In the scientific world, a naïve animal is simply one that is yet to be exposed to an experiment. There is, I think, a place to stand that is not innocence as in foolishness, but neither a retreat to cynicism or weariness. Naïvety as unfamiliarity with the path out of the forest. Yet to be tested. As yet unhabituated to the maze.
Putting aside the complications here (is the animal in the maze even an image that we feel is conscionable?), there is still a little double act to be performed, as always when there are multiple routes to failure. Of course ‘Late Capitalism’ discourse is frustrating, because it too often (despite the idea of ‘lateness’) asserts an inescapable subversion of all things into power; the hopelessness of all efforts to escape. Scientific discourse is too often confident that new technology will not be subverted to the benefit of those in power (technology itself may be value neutral, but the way it will be applied is not).
Ok, so I’m just repeating Snow’s imaginary dinner party chatter:
The non-scientists have a rooted impression that the scientists are shallowly optimistic, unaware of man’s condition. On the other hand, the scientists believe that the literary intellectuals are totally lacking in foresight, peculiarly unconcerned with their brother men, in a deep sense anti-intellectual, anxious to restrict both art and thought to the existential moment.
What else do I have to offer? Consider Teilhard de Chardin diagnosing Christianity’s 20th century illness:
Fundamentally, the Church never understood, as we understand it, the fine pride of man, nor the sacred passion for enquiry, which are the two basic elements of modern thought… A world completely dominated by the Church - as the Church has shown herself to be from the Renaissance until our own day - and were such a domination humanly possible - would have acquired increased capabilities from the point of view of sensibility and charity; but it would have lost all power to attack and penetrate the real: a warning would have been posted along the whole front line telling the enquiring mind that everything had already been found.
He posits, for a future mysticism, a kind of ascendance of scientific energy, subordinate only to the universe and blending into a transcendent spirit, with Christ-the-spirit leading the way. Sure. What’s key - what I think he gets right here - is the reason for the confusion of morality in the face of scientific progress. If there was anyone to ask why, if they sought to reduce suffering, they invented factory farming, it is the scientists. But they won’t be able to tell us, because they have relied on the simple energy of discovery, clinging vociferously to the real.

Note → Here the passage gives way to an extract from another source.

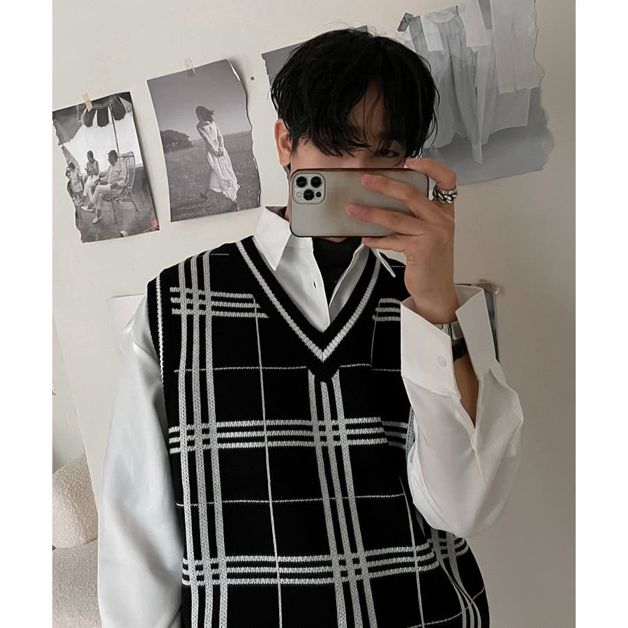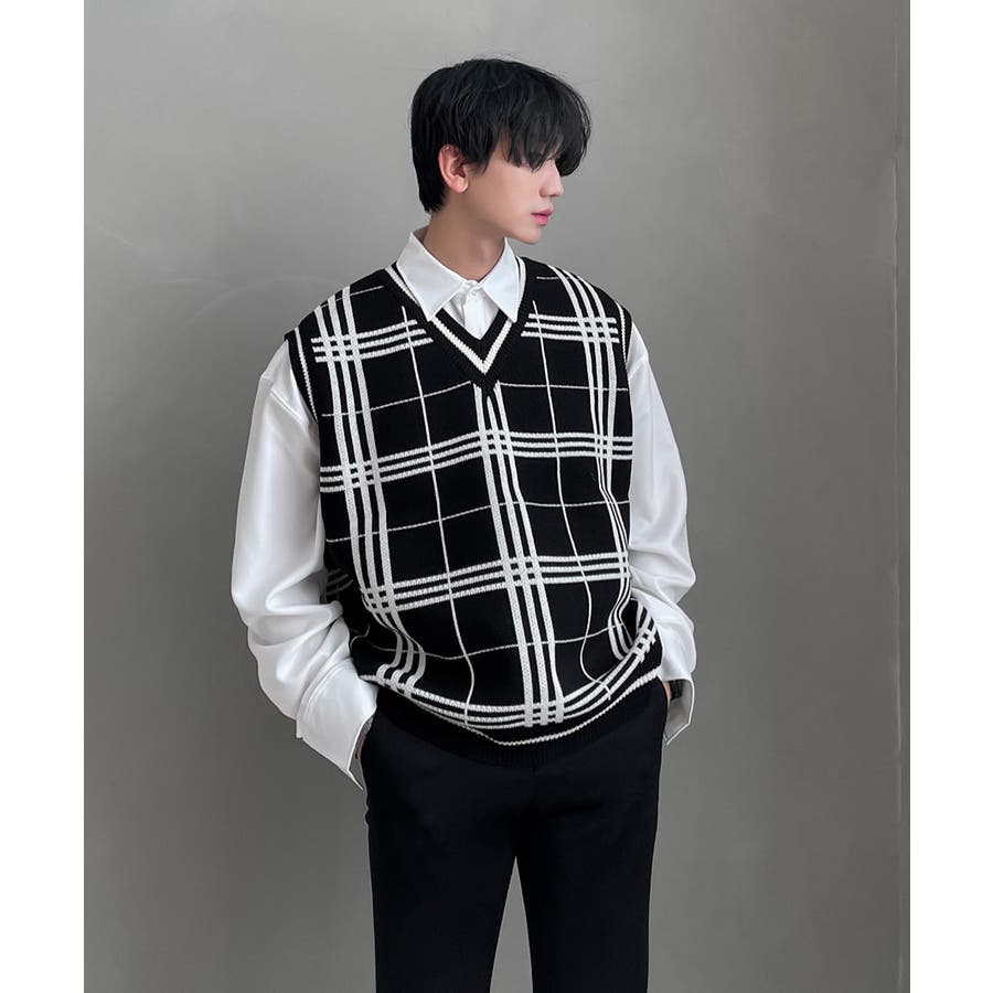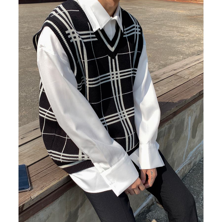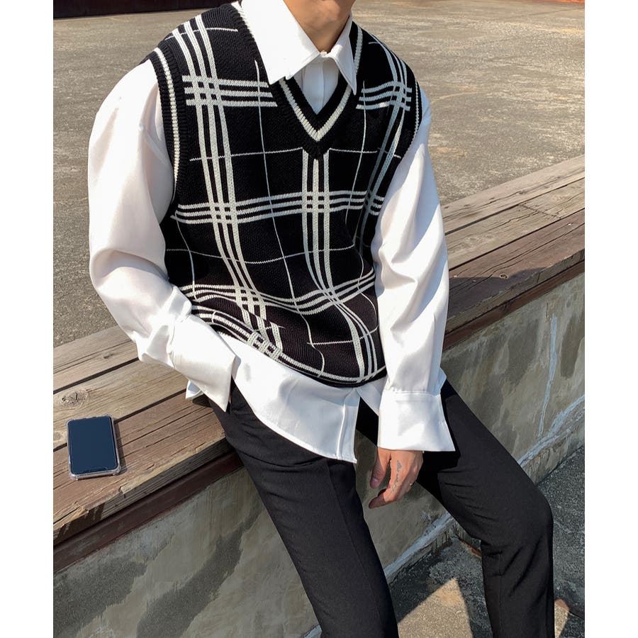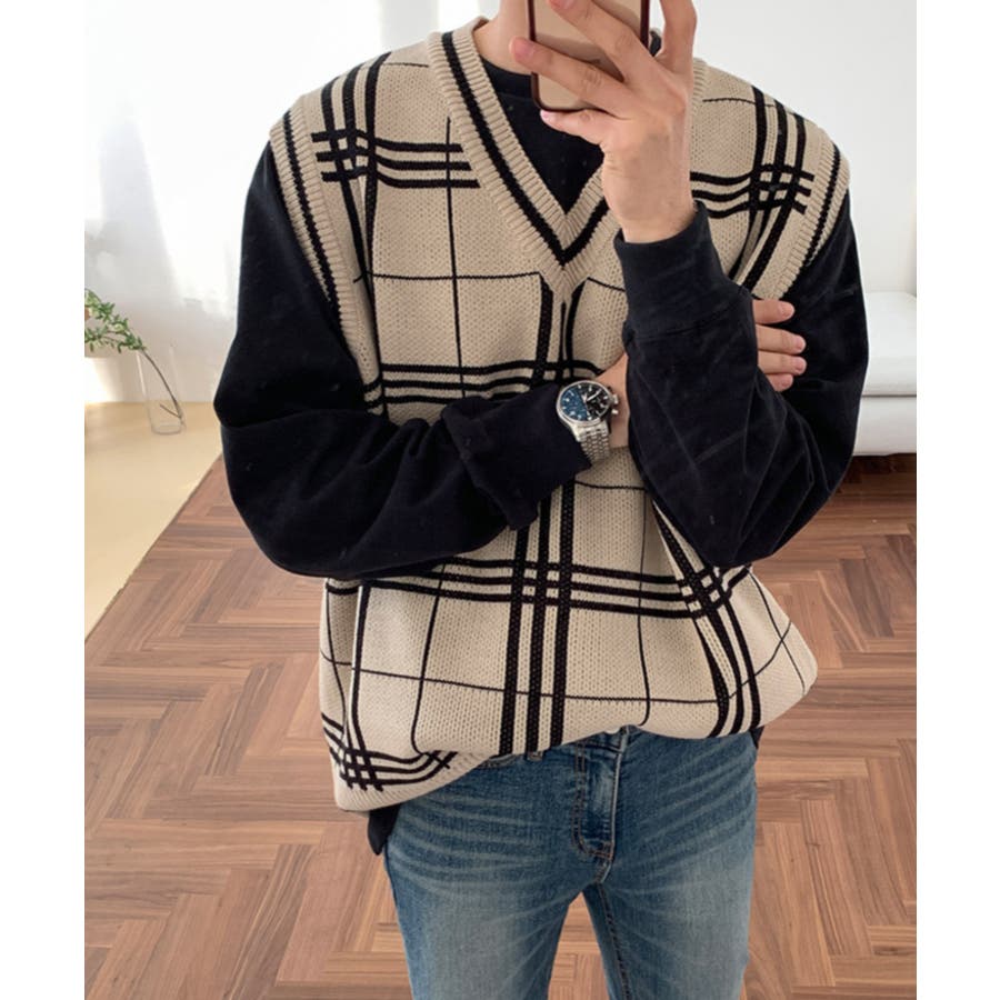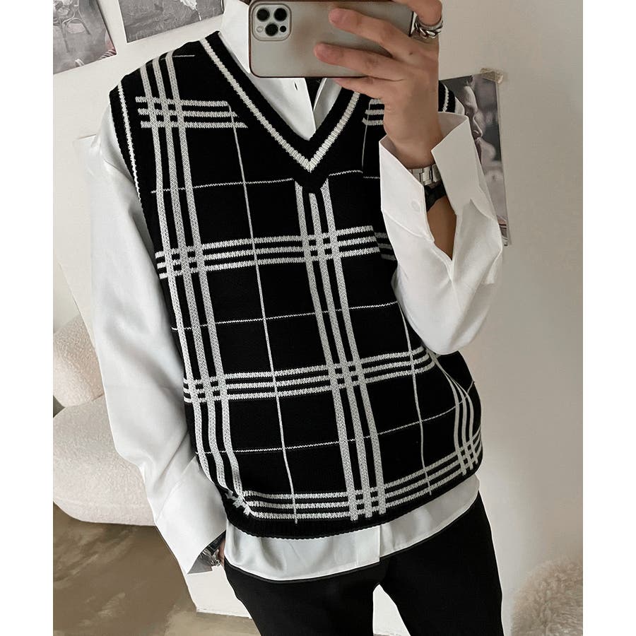 ASCLO(エジュクロ)オーバーサイズチェックVネックベスト

So yes, I share your unspoken unwillingness to be smug and ridicule enlightenment values and I share your confusion about what is happening that leads my fellows towards programming drones and factory farming. Maybe it’s counter-intuitive but it seems something beyond a commitment to knowledge is needed, in the same way that one must do more than think oneself a good actor in order to become one. I think of this as being the role of ritual: a way of bringing culture into the light and elevating the parts of it that we value. Not the prize giving that we so overvalue in the sciences, which has made our collective progression into a trivial, individualist contest.
I’ve struggled to think of myself as an outsider or a weirdo or any renegade figure in the past - my path seems to run through too many offices and too close to the conventional - but I’ve tried to keep some part of myself separate, innocent of the culture that twists earnest work into hopeless dead ends or worse.
It’s the value of these letters and the little sociological stories. Is cultured naïvety too oxymoronic?